Mother Marianne died on August 9, 1918, was beatified in 2005 and canonized in 2012. She will be remembered most for her willingness to sacrifice everything for those she was caring for, with unflinching courage, “smiling sweetly through it all.”
The readings today tell us of the fuel of her fire to love souls, and sick bodies for love of God – it was her life as a religious, whose entire focus was on Christ, always. She was a bride of Christ, serving her Bridegroom in his weakest members – and now she reigns with Christ to intercede for us and our needs.
Thursday, January 19, 2017
+ Our readings today reflect a primal human urge that we all have “to reach out and touch someone” – we find attractive, admirable, lovable, consoling, healing: someone we like to be around.
The crowds that followed Jesus wanted to do the same thing.
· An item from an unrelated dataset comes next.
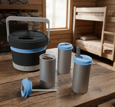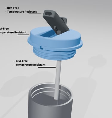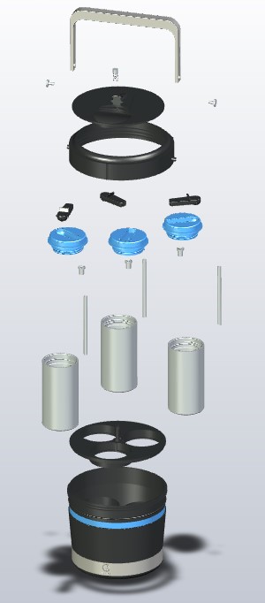 Each and every part of this modular drinking vessel is replaceable (when new replaceable parts of various colors are available in the future). Everything from the individual lids, carrying handle, the chambers, and the body itself.

This crowd was different than other spectators and gawkers. This people were touched at their core already by Jesus – and it is because of their newfound, real, spiritual connectedness to him that they wanted to follow him around and to “touch him back” – by their attentiveness, their adulation, their ohhs and ahhs at what he said and did: especially in his poignant “sermons” or reflections on the true nature of human life, and his miracles of healing and restoration, demonstrating his power over human life and nature.
These people knew that Jesus is the one their hearts had been waiting for for centuries – because he is the one, the only one, who could save them from all they needed saving from who approached God.
By ourselves we cannot “reach God” – in a truly deep and effective way; but through his Son – through Jesus – yes, we can reach him, we can touch hear him, we can see him, we can touch him – and he us.
This we celebrate today – this we thank God for today – this good news we must share with others today.
In a world that reflects the undeniable and real presence of the Evil one – in many ways and venues – we must confidently reach out and grasp the hand of the Lord who desires with all his heart to reach back and save us – from all who would harm us.
Save us, O Lord, our God, our Savior and our FRIEND!
Wednesday, January 18, 2017
+ We see a continuation today of our gospel theme of Jesus’ healing. Jesus, the Great High Priest, our first reading tells us, heals a man with a withered hand on the Sabbath.
Just what day of the week is an appropriate day to heal, or not to heal?
This healing, on this day, is met by the Pharisees’ hardness of heart, which cause Jesus anger and grief. What is so simple, and so obvious can sometimes be hijacked by what is dishonest and self-seeking.
“The Pharisees immediately then took counsel against Jesus to put him to death.” This about this? Death for doing a good deed, and a miraculous one at that – especially on a Sabbath – the day of the Lord of All Healings and Restorations, Renewals, Regenerations and Resurrections!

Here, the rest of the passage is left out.